В половине шестого утра Натан перезванивает Люку. Тому все же удалось забыться крепким сном, и понять, как долго разрывался звонками его телефон, он не может. Натан сразу переходит к делу:
– Ну и славу же себе приобрел этот Тони де Стаал в колледже, – говорит он так, словно они с Люком разговаривали всего пару минут назад. – В Санта-Фе его до сих пор помнят многие.
– Какую славу – дурную или хорошую? – Люк отчаянно сражается с Морфеем и пытается выиграть время на то, чтоб открыть свой блокнот.
– Этот Тони был одержим теорией нейрохирурга Уильяма Бичера Сковилла, одного шизика из Коннектикута, который в пятидесятые годы прошлого века проводил операции лоботомии, оттачивая свое мастерство на пациентах из психиатрических лечебниц. Это была эпоха «психохирургии», когда части мозговой ткани либо уничтожались, либо удалялись в надежде на излечение психических заболеваний.
– И что, современные нейрохирурги тоже этим занимаются? – спрашивает Люк, записывая себе в блокнот: «Уильям Бичер Сковилл».
– Подобная практика ныне запрещена во многих странах. В наши дни медики больше увлекаются глубокой стимуляцией мозга. Но вернемся к нашим баранам. Тот парень, Сковилл, любил, если можно так выразиться, экспериментировать. Свою самую известную операцию он провел Генри Молисону, страдавшему эпилепсией. Сковилл удалил ему медиальные структуры височных долей, включая гиппокампы.
– Удалил? – переспрашивает Люк, опасаясь худшего.
– Да, хирургическим путем. У пациента прекратились приступы эпилепсии, но зато этот несчастный полностью потерял память.
– Ужасно, – бормочет Люк, возвращаясь мыслями к тому, что рассказала ему Лаура об амнезии Мэдди. «Пустота в ее голове…»
– У Молисона перестали формироваться новые воспоминания, – продолжает Натан. – И большую часть своих старых воспоминаний он тоже утратил. Он жил после этого только в настоящем времени, пересказывая снова и снова одни и те же истории. Бедняга даже не мог вспомнить, что он только что ел, и вынужден был носить в своем бумажнике записку, в которой говорилось, что его отец умер, а мать доживала век в доме для престарелых.
– Ты сказал, этого человека звали Генри Молисон? – уточняет Люк, проверяя только что сделанные записи в блокноте. Его почерк спросонья иногда получается жутко неразборчивым.
– Он известен миру как «Пациент Г.М.». Стал своего рода знаменитостью, особенно среди адептов когнитивной нейропсихологии. А после его смерти мозг несчастного стал даже знаменитее своего почившего владельца. Он был разрезан на 2400 слоев. И сейчас хранится в Калифорнийском университете в Сан-Диего. Ты можешь найти в интернете видео и посмотреть, как его разрезали.

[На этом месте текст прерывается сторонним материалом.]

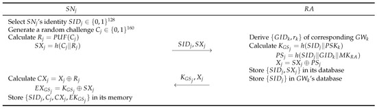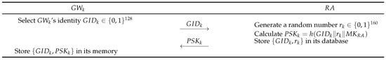 In this phase, sensor nodes and users should perform the registration process with the corresponding . The communication is assumed to be secure during this phase. The assigns secret values to and for subsequent authentication and key agreement.
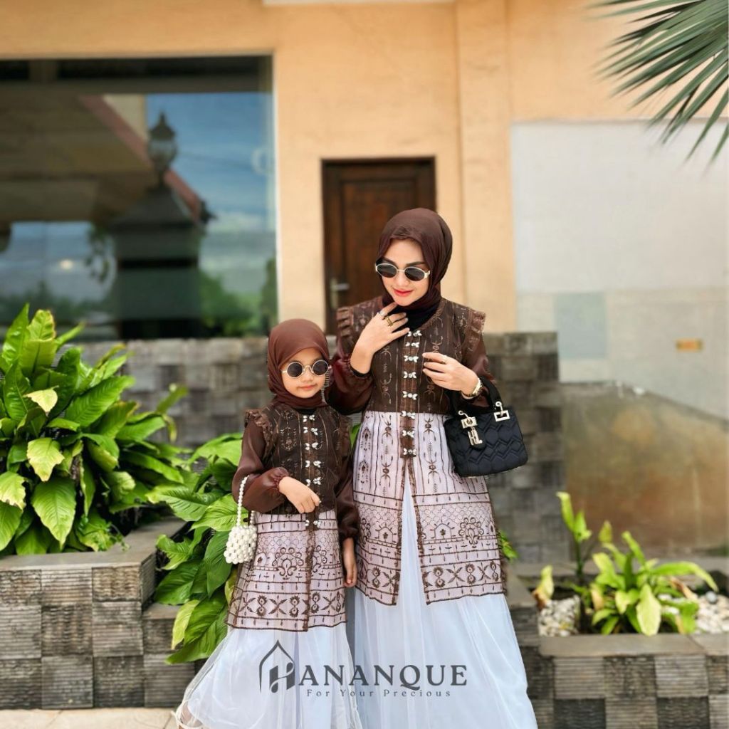 Hananque Khansa er Tunik Kondangan Couple Ibu dan Anak Usia 1-13 Tahun Brokat Tulle Kondangan

– Благодарю покорно, – Люку меньше всего хочется на это смотреть. Его желудок никогда не был крепким.
– Тони де Стаал увлекался также бензодиазепинами. Судя по всему, руководство школы сначала старалось проявлять к нему сочувствие. Ведь его отец умер от болезни Альцгеймера совсем молодым – аккурат перед первым осенним семестром Тони. И тоже стал знаменитостью. Но, насколько я понял, слушая между строк, – Тони был отчислен из университета вовсе не за глумление над трупами. А за изнасилование на свидании. Родители его жертвы, похоже, замяли дело. И о Тони потом никто ничего не слышал.
Я гляжу на потолок в своем номере, прислушиваясь к типичным звукам гостиницы: монотонному гулу кондиционера, шуму машин за окном, будничному ритму аэропорта. Я проснулась рано, растревоженная мыслью о неизбежном приезде Тони.